TASK MATERIAL

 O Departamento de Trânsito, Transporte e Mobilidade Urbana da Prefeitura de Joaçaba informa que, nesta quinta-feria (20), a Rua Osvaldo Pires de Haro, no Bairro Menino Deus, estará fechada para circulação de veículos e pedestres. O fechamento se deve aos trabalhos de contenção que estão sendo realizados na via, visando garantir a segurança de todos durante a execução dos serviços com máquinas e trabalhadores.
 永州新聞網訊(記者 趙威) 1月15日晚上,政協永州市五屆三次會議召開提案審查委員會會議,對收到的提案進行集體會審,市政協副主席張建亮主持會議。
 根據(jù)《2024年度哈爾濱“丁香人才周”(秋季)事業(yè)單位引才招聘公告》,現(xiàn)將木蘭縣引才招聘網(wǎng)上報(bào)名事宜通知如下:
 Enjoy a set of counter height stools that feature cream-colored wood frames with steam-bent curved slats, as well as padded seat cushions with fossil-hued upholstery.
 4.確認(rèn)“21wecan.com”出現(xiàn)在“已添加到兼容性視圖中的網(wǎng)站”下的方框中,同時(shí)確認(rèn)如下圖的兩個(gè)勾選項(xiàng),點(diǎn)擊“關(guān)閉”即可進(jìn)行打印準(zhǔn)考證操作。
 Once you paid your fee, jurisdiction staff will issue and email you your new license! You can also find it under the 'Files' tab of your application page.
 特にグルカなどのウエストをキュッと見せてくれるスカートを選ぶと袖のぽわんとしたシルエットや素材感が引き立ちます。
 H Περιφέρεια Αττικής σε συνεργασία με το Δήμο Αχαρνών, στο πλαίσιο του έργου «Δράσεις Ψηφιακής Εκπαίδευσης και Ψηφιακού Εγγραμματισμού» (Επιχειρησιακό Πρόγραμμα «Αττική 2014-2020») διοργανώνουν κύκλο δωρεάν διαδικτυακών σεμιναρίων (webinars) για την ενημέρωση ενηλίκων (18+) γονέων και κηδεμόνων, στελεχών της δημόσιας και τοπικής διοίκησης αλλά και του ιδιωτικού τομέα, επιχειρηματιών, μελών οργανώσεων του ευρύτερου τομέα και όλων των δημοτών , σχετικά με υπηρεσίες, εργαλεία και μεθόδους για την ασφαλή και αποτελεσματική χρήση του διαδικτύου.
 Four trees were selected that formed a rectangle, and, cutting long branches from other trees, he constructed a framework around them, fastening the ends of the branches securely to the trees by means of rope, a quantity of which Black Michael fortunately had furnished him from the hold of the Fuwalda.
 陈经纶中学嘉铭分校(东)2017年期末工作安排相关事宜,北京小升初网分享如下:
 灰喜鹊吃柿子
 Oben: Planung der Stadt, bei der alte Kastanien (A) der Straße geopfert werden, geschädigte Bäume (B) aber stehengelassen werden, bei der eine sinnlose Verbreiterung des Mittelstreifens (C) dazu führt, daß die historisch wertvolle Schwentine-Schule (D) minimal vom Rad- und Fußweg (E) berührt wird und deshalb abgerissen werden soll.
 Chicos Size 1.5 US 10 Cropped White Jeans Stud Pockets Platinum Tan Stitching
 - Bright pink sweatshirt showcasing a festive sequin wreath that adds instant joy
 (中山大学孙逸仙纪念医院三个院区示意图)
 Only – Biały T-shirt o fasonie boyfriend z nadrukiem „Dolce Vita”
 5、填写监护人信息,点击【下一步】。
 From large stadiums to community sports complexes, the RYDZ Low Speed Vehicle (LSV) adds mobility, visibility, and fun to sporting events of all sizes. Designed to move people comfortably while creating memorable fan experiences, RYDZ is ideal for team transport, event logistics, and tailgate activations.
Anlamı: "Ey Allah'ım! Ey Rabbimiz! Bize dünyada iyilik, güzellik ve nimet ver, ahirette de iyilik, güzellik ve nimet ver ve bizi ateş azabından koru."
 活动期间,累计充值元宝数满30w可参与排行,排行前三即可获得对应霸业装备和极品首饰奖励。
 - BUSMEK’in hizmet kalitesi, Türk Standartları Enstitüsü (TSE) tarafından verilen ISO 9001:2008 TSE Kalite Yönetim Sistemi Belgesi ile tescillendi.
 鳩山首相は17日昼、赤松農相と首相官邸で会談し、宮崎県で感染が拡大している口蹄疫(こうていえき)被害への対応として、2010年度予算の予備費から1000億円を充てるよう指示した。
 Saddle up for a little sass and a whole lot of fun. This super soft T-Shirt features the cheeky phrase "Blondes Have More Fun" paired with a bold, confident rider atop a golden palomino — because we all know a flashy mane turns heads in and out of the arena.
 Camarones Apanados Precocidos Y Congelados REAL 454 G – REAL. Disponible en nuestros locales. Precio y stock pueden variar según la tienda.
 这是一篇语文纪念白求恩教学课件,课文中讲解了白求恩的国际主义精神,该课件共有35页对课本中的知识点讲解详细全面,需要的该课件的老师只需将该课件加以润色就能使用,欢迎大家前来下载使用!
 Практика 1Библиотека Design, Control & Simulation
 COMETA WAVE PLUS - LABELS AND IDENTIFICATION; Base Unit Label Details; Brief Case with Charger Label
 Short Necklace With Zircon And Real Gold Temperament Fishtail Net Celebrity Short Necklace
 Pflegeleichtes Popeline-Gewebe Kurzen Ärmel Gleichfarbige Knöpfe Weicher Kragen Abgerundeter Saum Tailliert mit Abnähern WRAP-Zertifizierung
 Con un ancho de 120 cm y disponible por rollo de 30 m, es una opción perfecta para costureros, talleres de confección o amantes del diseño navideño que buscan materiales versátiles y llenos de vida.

WORK INSTRUCTION
Once you find the line with "(中山大学孙逸仙纪念医院三个院区示意图)" in the entries above, output it and each line after it up to and including the line with "- BUSMEK’in hizmet", and nothing else.

RESPONSE TO THE EXERCISE
 (中山大学孙逸仙纪念医院三个院区示意图)
 Only – Biały T-shirt o fasonie boyfriend z nadrukiem „Dolce Vita”
 5、填写监护人信息,点击【下一步】。
 From large stadiums to community sports complexes, the RYDZ Low Speed Vehicle (LSV) adds mobility, visibility, and fun to sporting events of all sizes. Designed to move people comfortably while creating memorable fan experiences, RYDZ is ideal for team transport, event logistics, and tailgate activations.
Anlamı: "Ey Allah'ım! Ey Rabbimiz! Bize dünyada iyilik, güzellik ve nimet ver, ahirette de iyilik, güzellik ve nimet ver ve bizi ateş azabından koru."
 活动期间,累计充值元宝数满30w可参与排行,排行前三即可获得对应霸业装备和极品首饰奖励。
 - BUSMEK’in hizmet kalitesi, Türk Standartları Enstitüsü (TSE) tarafından verilen ISO 9001:2008 TSE Kalite Yönetim Sistemi Belgesi ile tescillendi.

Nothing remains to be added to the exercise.